Recruitment has an AI problem but another filter won’t fix it.

WIRED recently described this as an “AI doom loop”, with candidates and employers increasingly using technology to overcome problems created by the technology being used on the other side.

At the same time, AI adoption across recruitment is accelerating. LinkedIn found that 37% of recruiting organisations were actively integrating or experimenting with generative AI in 2025, up from 27% the year before.

And the CV itself is changing too.

ABC News reported that growing numbers of candidates are using AI to tighten language, tailor applications and present their experience more effectively. As a result, recruiters are seeing more polished applications, but also more CVs that look and sound increasingly similar.

So this isn’t nessecarily saying AI is the problem but what we’re asking it to do right now.

TIME TO RETHINK THE RANKING

A CV is only the beginning

Most recruitment systems still place enormous emphasis on the information contained in an application.

Job title. Keywords. Skills. Experience. Location.

AI can make searching that information considerably quicker.

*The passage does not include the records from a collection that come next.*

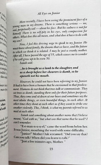 Junior, a great oak in the forest near Jerusalem, had a call on his life, a mission so divinely important to mankind that God Himself chose him for the task. But junior was a tree. It just so happens that when Junior was an acorn, he took root on the very same day that an angelic host came to herald the birth of an infant in the nearby town of Bethlehem.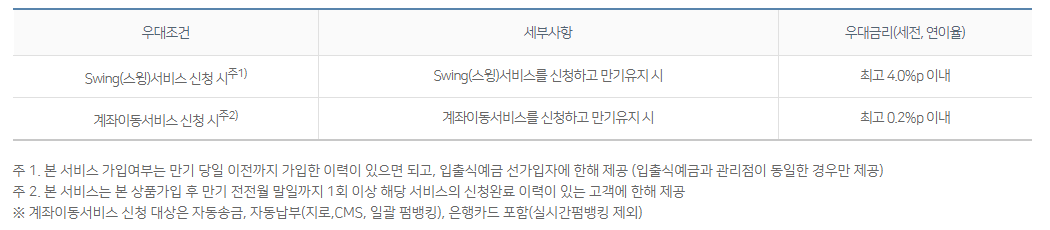 - 아래 우대요건을 충족하고 만기해지하는 경우, 아래에서 정한 우대이율을 각각 적용하여 기본이율과 합산하여 제공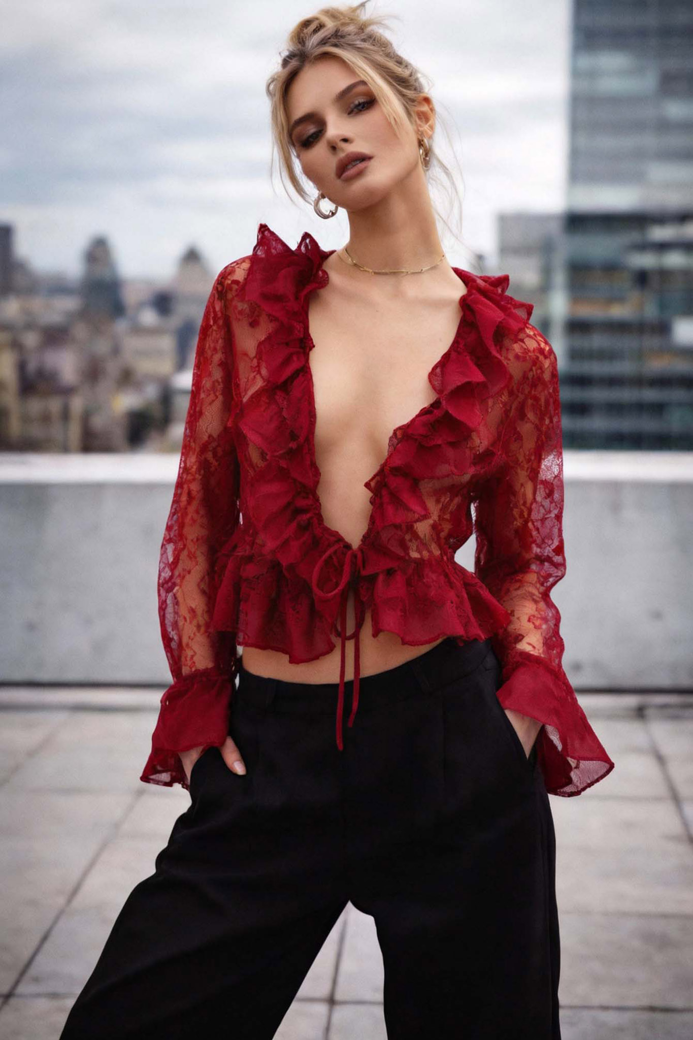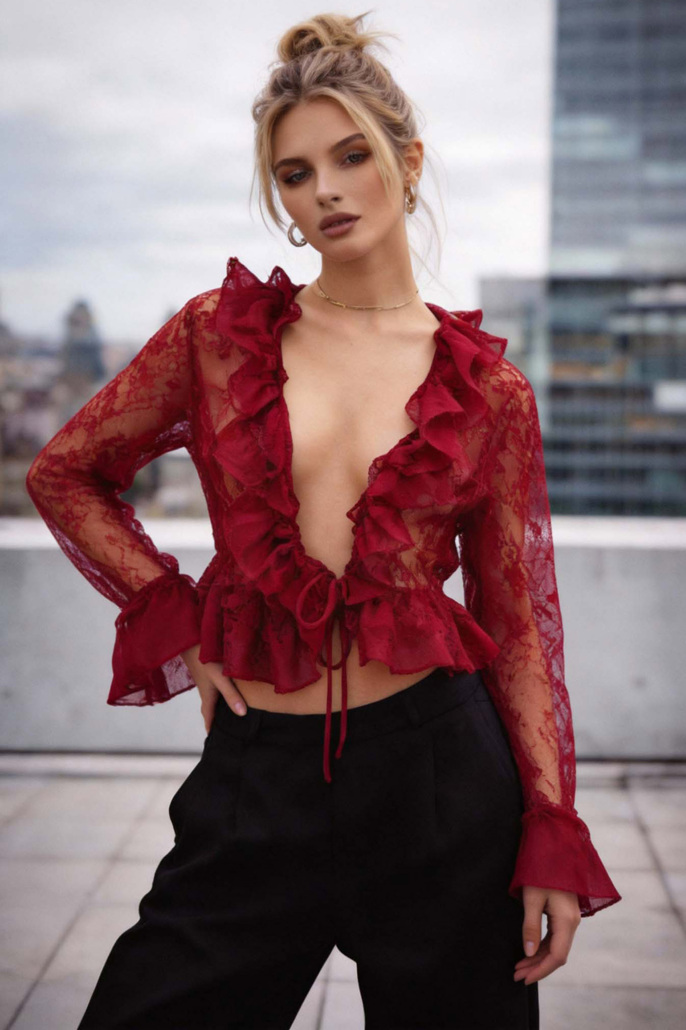 Αναδείξτε το ρομαντικό και ταυτόχρονα αισθησιακό σας στυλ με αυτό το εντυπωσιακό, κοντό (cropped) τοπ από μαύρη δαντέλα. Διαθέτει μια κολακευτική, βαθιά V-λαιμόκοψη με πλούσια βολάν περιμετρικά. Το τοπ κλείνει μπροστά με διακριτικό δέσιμο και έχει μακριά, διάφανα μανίκια με βολάν στα τελειώματα.

  • It can summarise a CV.
  • Compare it against a job description.
  • Generate a match score.
  • Rank a database.

 

But recruitment doesn’t stop once you’ve found someone whose CV matches a role.
Actually, that’s where the useful information starts appearing…

  1. You speak to them.
  2. You discover what they’re really looking for.
  3. Their salary expectations have changed.
  4. You learn they’re available immediately.
  5. They explain which parts of their previous role they actually enjoyed.
  6. You find out that a skill listed prominently on their CV hasn’t been used for three years.

 

An interview reveals strengths that weren’t obvious from the application.
You speak to five candidates and suddenly realise that the person who looked strongest on paper isn’t necessarily the strongest person in the process.

Yet in many ATS platforms, the original CV remains the centre of gravity; the recruiter keeps learning.  The system doesn’t.

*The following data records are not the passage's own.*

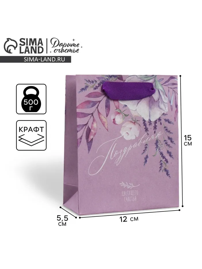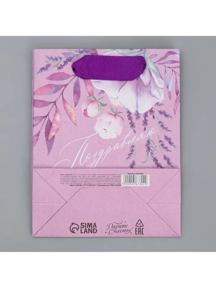 Пакет подарочный крафтовый, упаковка, «Поздравляю», S 12 х 15 х 5.5 см — Характеристики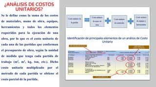 Este documento describe los componentes clave de un análisis de costos unitarios para proyectos de ingeniería civil. Explica que un análisis de costos unitarios determina el costo de cada partida de trabajo dividiendo el costo total por la unidad de medida como metros cúbicos o metros cuadrados. Luego detalla los parámetros para calcular los costos unitarios de la mano de obra, los materiales, las herramientas y los equipos, como la cuadrilla necesaria, el aporte unitario y los precios de cada recurso.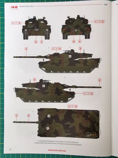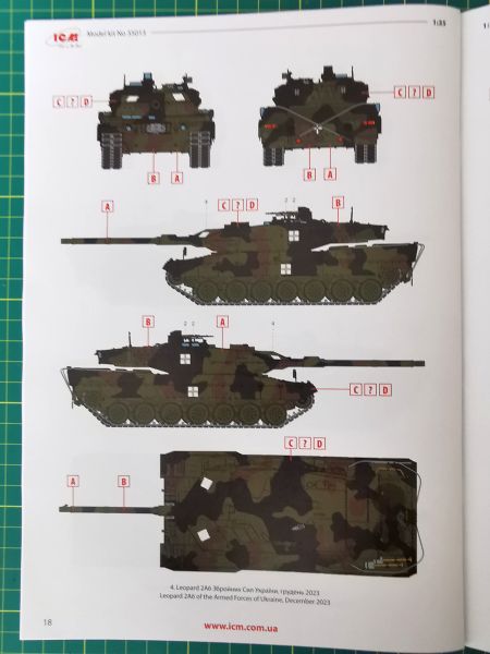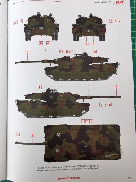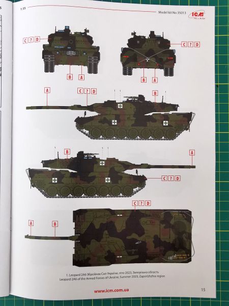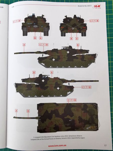 Opcji malowania jest aż sześć. Wszystkie oczywiście ukraińskie a bazujące na standardowym kamuflażu NATO. Na nim już na miejscu naniesiono wszelkiego rodzaju oznakowanie ograniczające się głównie do elementów szybkiej identyfikacji. Co ciekawe, instrukcja podaje szczątkowe informacje na temat miejsca działań bojowych niektórych wozów. Mamy zatem dwa pojazdy operujące w Regionie Zaporoskim, jeden z okolic miejscowości Robotyne. Trzy pozostałe ograniczają się jedynie do wskazania pory roku na przykład – grudzień 2023 r. czy zima 2024 r. Ze zrozumiałych względów nie ujawniono danych związków taktycznych, w skład których owe czołgi wchodzą. Schematy malowania oczywiście w postaci kolorowych plansz na końcu instrukcji.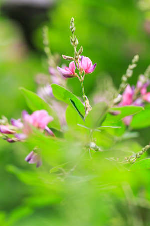 Lespedeza maximowiczii flowers. Fabaceae deciduous shrub. Purple-red butterfly-shaped flowers bloom in racemes from June to July.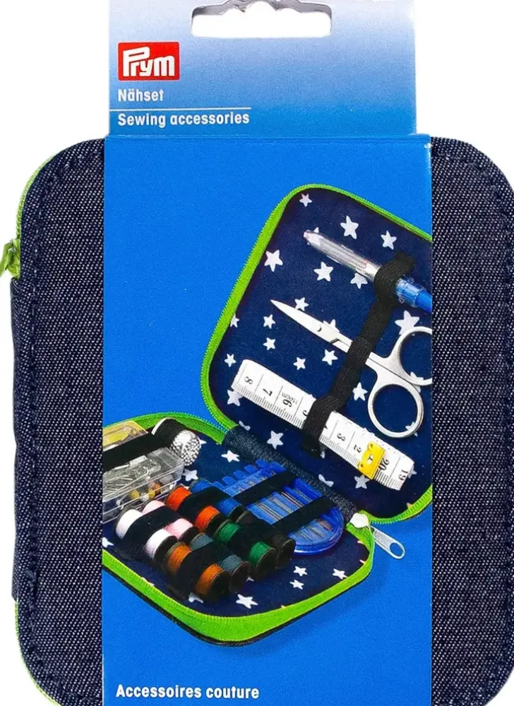 Farkkukankainen Matkapakkaus Kotiin Ja Matkalle. Sisältää Neppareita, Nappeja, Silmäneuloja, Lankaa, Nuppineuloja, Langanpujotin, Hakaneuloja, Sormustin, Sakset, Mittanauha Ja Ratkoja.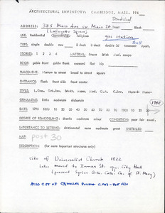 385 Massachusetts Ave - Architectural Inventory Form 385 Massachusetts Ave - Architectural Inventory Form

JOBTETRIS IS DESIGNED TO KEEP LEARNING

Closing the recruitment AI loop

Rather than treating candidate matching as something that happens once at the point of application, JobTetris can keep updating relevance as new information emerges.

Interview notes, availability, salary discussions, changing preferences and recruiter feedback can all alter who is genuinely the best fit. The same is true once a shortlist starts to take shape, because candidates are no longer being judged only against the job description, but against the other realistic options in the process.

Someone who looked strongest on paper may become less suitable once salary or skill recency is discussed, while another candidate may become more relevant after interview.

JobTetris can reflect those changes, helping recruiters move from asking “who matched best at the start?” to “who is the strongest candidate based on what we know now?”

That is what closing the AI loop looks like.

HOW CAN WE VIEW THE BIGGER PICTURE

Recruitment isn’t an absolute score.

Candidate matching is often presented as if it can be reduced to a single percentage: a 92% match, an 84% match, a 76% match. But recruiters operate in context rather than percentages. Once you’ve shortlisted three people, the relevant comparison isn’t necessarily each candidate against thousands of records in the database, it’s increasingly a comparison between those three people themselves.

One has stronger technical experience, another interviewed better. One is immediately available, another has worked in almost exactly the same environment, while one wants $20,000 more than the client’s budget. Those things change the decision, so the technology should be able to change its view too.

JobTetris allows the information gathered during recruitment to influence candidate relevance, rather than continually returning to the same static application data.

FINDING A SYSTEM THAT DELIVERS

Adding AI to an ATS is not the same as transforming recruitment

AI can already write adverts, summarise CVs and speed up admin, but the bigger opportunity is helping recruiters make better decisions as the process develops.

SHRM found that while 51% of organisations were already using AI to support recruitment, only 24% said it had improved their ability to identify top candidates.

This is such an important gap as a candidate who looks strong on paper may become less relevant once salary, availability or recent experience are discussed, while someone who initially ranked lower may become the better option after interview. Proper use of AI, such as within JobTetris can use that new information to keep candidate relevance up to date, rather than relying too heavily on the original CV.